I had been determined to grumble that morning. I had assumed the worst. God didn't rouse himself that day to notice our chattering teeth and goose bumps. He didn't care! All around town heaters, glorious heaters clicked on and off to keep our friends and neighbors comfortable. Fireplaces blazed beautiful shades of orange and red. All the while we huddled and rubbed our hands together. Little did I know God had a fire blazing right outside my front door, it had been stoked and tended to before my toes had even left the warmth of the covers that morning. I was so busy comforting myself with excuses that justified my icy attitude that I had not looked for God's provision. I had asked for a bit of warmth and then concluded he had not heard and my answer would not come.
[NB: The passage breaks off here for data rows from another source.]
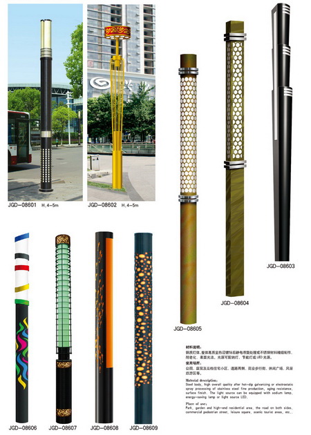 景觀燈分類:城市標志性景觀燈、仿古景觀燈、鏤空現代景觀燈、不銹鋼景觀燈、藝術造型景觀燈等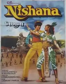Nishana (transl. Target) is a 1980 Indian Hindi-language action film,[3] produced by M. Arjuna Raju, A. S. R. Anjineelu under Roja Movies banner and directed by K. Raghavendra Rao. Starring Jeetendra, Poonam Dhillon and music composed by Laxmikant–Pyarelal. The film is remake of the Telugu film Vetagadu (1979). Both the movies are made by same banner & director. The film partly inspired the 2010 comedy Housefull.[4]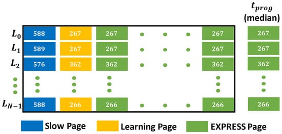 To address the observed variabilities, we propose the following modification to EXPRESS. The nominal program time variation among slow pages (marked as blue boxes in Figure 10) is minimal. Consequently, the flash controller may apply EXPRESS on the slow pages by learning the corresponding from the first page of the block (). The remaining pages of the block are classified as learning pages (yellow) and EXPRESS pages (green). The nominal page program operations are performed on the learning pages to acquire the exact value, and EXPRESS is applied on the remaining pages of the layer () by estimating the corresponding using Equation (2).

Have you ever held out a cup of milk to a child who was so busy stomping their feet for a drink that they had not taken the time to look up into your outstretched hand? I was that child. My father had sent in a sunlight to warm my entire day but my own misery kept me indoors and fridgid.
If you have asked God to intervene in your life, take a moment to look up into his outstretched hand. See what he holds out for you. It may be a simple matter of reaching out and taking hold of his provision. Your "drink" may not be in the cup you were expecting. The warmth you desire may not come in the form of a fire place - but he is always listening.
I have always loved my husband's attitude about long hard hours he has had to work. When I tell him, "I don't understand, I have asked God to provide for our needs!" He tells me simply, "He has, in the form of a job where I can go work more hours." Is God trying to provide for you today but you can't see past your misery? Instead of staying indoors and trying to warm yourself with complaints, open up the doors and let His sunshine in.